A fella riding for the brand would chase a stray into a canyon in the dark. He'd patch a gate that wasn't his fault. He'd take the side of the outfit in a dispute even when staying quiet would've been easier. It wasn't about being a pushover. It was about deciding, ahead of time, who and what you were going to stand for — and then living like you meant it when the day got long and nobody would've blamed you for cutting corners.
I've been thinking about that phrase a lot lately, because I'm new to a lot of this faith stuff and I'm still working out what it actually looks like Monday through Saturday. And it strikes me that "riding for the brand" is one of the oldest questions a person ever has to answer. Not do you believe a list of things — but who are you actually riding for? What outfit gets your best when it's inconvenient? Whose name are you carrying around without thinking about it?
Choosing who you ride for
There's a moment in the book of Joshua where an old man stands up in front of a whole crowd of people who've been drifting — half following God, half hedging their bets with whatever was easy and popular at the time. And instead of scolding them, he just lays the choice out plain and then tells them where he stands:
"Choose for yourselves this day whom you will serve... But as for me and my household, we will serve the Lord." (Joshua 24:15)

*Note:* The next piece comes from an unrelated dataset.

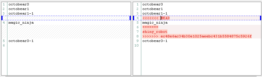 这些是在合并遇到冲突时添加到代码中的注释。这是一种告诉你两段文字冲突的方法。在这种情况下,HEAD和===之间的文本是当前分支中的文本。===和>>>>之间的文本是正在合并的分支中的代码。结尾的长数字只是这里合并的项的SHA1值。您可以通过发出以下命令来完整地查看它

What gets me about that line is that he doesn't tell anybody else what to do. He doesn't wag a finger. He just says: here's where I'm planting my flag — you do what you're going to do. That's a cowboy's way of putting it, honestly. You can't make another man ride for your brand. He's got to choose it. All you can do is decide who you're riding for and then actually do it, day after ordinary day.
And notice he says "me and my household." It's not just a private thing he keeps to himself. It shapes how he runs his place, how he treats the people under his roof, what gets prioritized when there's only so much daylight. Riding for the brand was never just a feeling. It showed up in the work.

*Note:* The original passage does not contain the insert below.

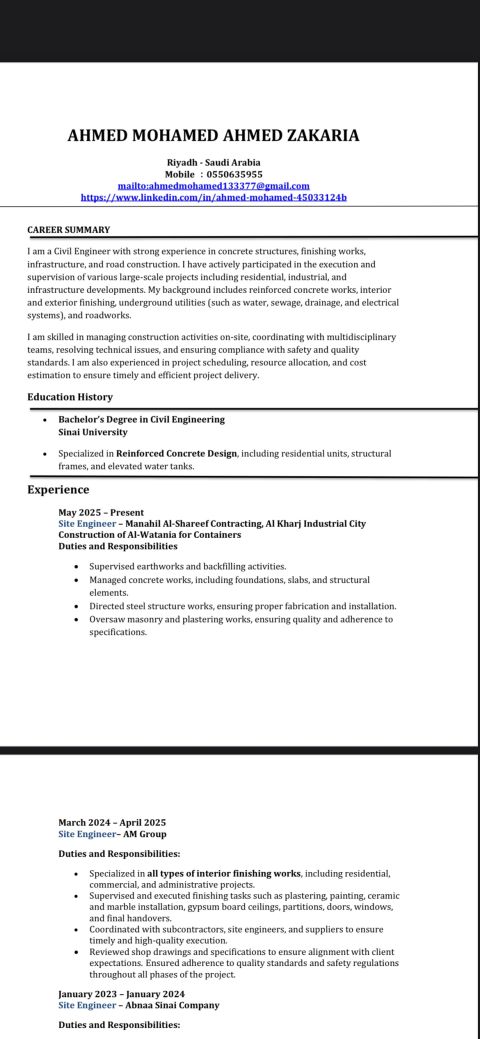 مهندس مدني بخبرة 6 سنوات في أعمال التنفيذ الخرساني والتشطيبات، عملت في مشروعات سكنية، وقادر على إدارة الموقع من البداية حتى التسليم طبقا للمخططات والمواصفات المعتمدة. المهام والقدرات الاشراف الكامل على أعمال التنفيذ بالموقع متابعة المقاولين والعمال وضبط الجودة استلام الأعمال الخرسانية والتشطيبات حصر الكميات واعداد التقارير الالتزام بالبرامج الزمنية اجادة البرامج AutoCAD - Excel - Word - Microsoft

The takeaway for the week ahead
Here's the one thing I'm chewing on, and I'll offer it to you the same way — not as a rule, just as something worth sitting with over your coffee this morning. Most of us are already riding for some brand. We just haven't said it out loud.
Maybe it's our work, and every spare hour gets fed to it. Maybe it's other people's opinions, and we spend the day chasing approval the way a green colt chases the gate. Maybe it's just whatever's easiest in the moment. None of that makes us bad people — it makes us busy people who never stopped to decide. The cowboy who rides for the brand isn't better than anybody. He just made the choice on purpose.
So this week, here's the practical part: pick one thing. One place where you can ride for the brand you actually want to stand for — not the one that drifted in by accident. Do the right thing in a spot where nobody will ever know you did it. Show up for the person under your own roof when it'd be easier to check out. Keep a small promise that no one would've held you to. You don't have to overhaul your whole life by sundown. You just have to point your horse in the direction you actually meant to go, and take one honest step that way.
That's the thing about a brand. It doesn't get burned in all at once. It's the daily riding that makes it stick.
Glad you pulled up a chair with us this morning. Wherever you are with all of this — all in, not sure, or just curious enough to keep reading — there's room for you at this fire.